Das Risiko für Ausbrüche hängt vor allem von der Häufigkeit des Kontakts zwischen Mensch und Tier ab – nicht von genetischen Veränderungen der Erreger. Eine Analyse im Fachjournal Cell liefert neue Erkenntnisse zu Influenza, Ebola, Mpox und SARS-CoV-2.
Berlin – Lange galt als wissenschaftlicher Konsens, dass nur besonders aggressive oder genetisch veränderte Viren den Sprung vom Tier auf den Menschen schaffen und Pandemien auslösen können. Eine aktuelle Studie, die am Montag im Fachjournal Cell (DOI: 10.1016/j.cell.2026.00171-6) veröffentlicht wurde, deutet darauf hin, dass dies nicht zwingend der Fall ist.
Ein Team um den Mediziner Joel Wertheim von der University of California in San Diego rekonstruierte die evolutionäre Geschichte mehrerer hochgefährlicher Viren: Influenza A, Ebola, Marburg, Mpox (Affenpocken) sowie die beiden Coronaviren SARS-CoV und SARS-CoV-2. Das zentrale Ergebnis: Vor dem sogenannten Spillover – dem Überspringen vom tierischen Reservoir auf den Menschen – fanden die Forschenden keine Hinweise auf auffällige Mutationen oder gezielte Anpassungen der Viren.
Aus evolutionsbiologischer Sicht gibt es keine Hinweise darauf, dass SARS-CoV-2 vor seinem Auftreten im Labor oder in einem Zwischenwirt gezielt angepasst wurde. Die Daten widersprechen damit der Vorstellung, Pandemieviren müssten vor ihrem Sprung auf den Menschen evolutionär besonders sein.
Stattdessen sei nach Ansicht der Forscher entscheidend, wie häufig Menschen mit tierischen Viren in Kontakt kommen. Intensive Tierhaltung, das Vordringen in natürliche Lebensräume und der Handel mit Wildtieren erhöhen demnach die Wahrscheinlichkeit, dass Viren auf Menschen übertragen werden. Pandemien könnten demnach weniger durch seltene genetische Veränderungen, sondern vielmehr durch vom Menschen geschaffene Kontaktzonen entstehen.

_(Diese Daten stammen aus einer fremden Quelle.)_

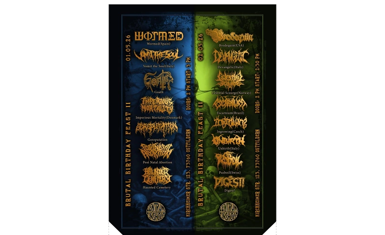 Mini Festival für die Fans der etwas härteren Gangart: Brutal Death Metal, Slam Death Metal, Technical Death Metal & Grindcore. Es erwarten dich folgenden Bands am ersten Tag:
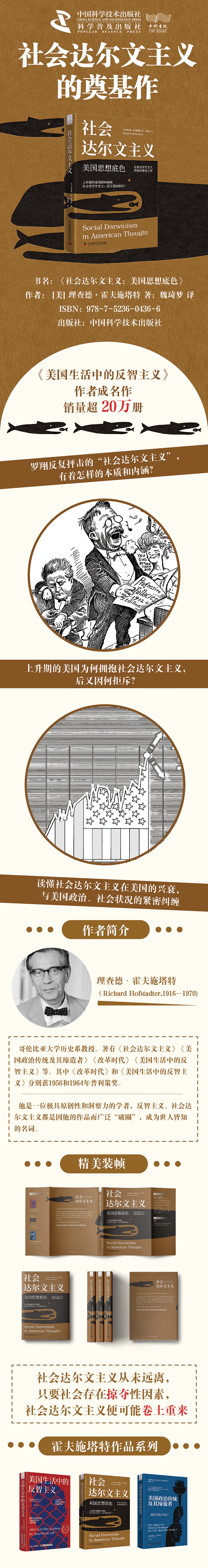 1.《美国生活中的反智主义》作者成名作,为其博士论文修订,才气纵横,横扫美国大众和学术界,销量超过20万册。2.社会达尔文主义现象的奠基作。本书回顾了社会达尔文主义在美国的兴衰,解读上升期的美国为何拥抱丛林法则,后来又为何排斥它?3.以社会达尔文主义为主线,梳理了美国从内战结束到一战前的政治和社会发展脉络,理解美国当下社会价值观的形成路径。
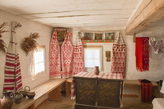 Рушник — це чи не найголовніший атрибут української оселі. Він супроводжував людину від народження до останньої межі. Червоний колір символізував вогонь та життєву енергію, а біле полотно — чистоту помислів. Геометричні орнаменти (ромби з крапкою всередині) позначали засіяне поле та добробут, а восьмикутна зірка (Алатир) вважалася символом всесвіту.

Die Ergebnisse haben auch direkte Relevanz für die Diskussion über den Ursprung der Covid-19-Pandemie. Das Fehlen entsprechender evolutionärer Signale entspricht dem, was bei einem natürlichen zoonotischen Ereignis erwartet wird. Die Studie stützt damit die Hypothese eines natürlichen Spillovers.
Die Forschenden schließen Laborexperimente jedoch nicht grundsätzlich aus. Bei der Rückkehr des H1N1-Influenzavirus im Jahr 1977 entdeckten sie genetische Muster, die auf einen Laborstamm hindeuten könnten – möglicherweise im Zusammenhang mit einem fehlgeschlagenen Impfversuch.
Für die Prävention künftiger Pandemien ziehen die Autoren klare Schlüsse: Statt ausschließlich nach gefährlichen Mutationen zu suchen, sollte die Wissenschaft künftig verstärkt auf die Reduzierung von Kontaktmöglichkeiten zwischen Menschen und tierischen Viren setzen. Überwachungssysteme, strengere Regulierungen des Wildtierhandels und der Schutz natürlicher Lebensräume rücken damit in den Vordergrund.
Die Studie markiert nach Ansicht des Teams einen Paradigmenwechsel in der Pandemieforschung: Nicht das Virus allein ist entscheidend, sondern die Art und Weise, wie Menschen mit der Tierwelt interagieren.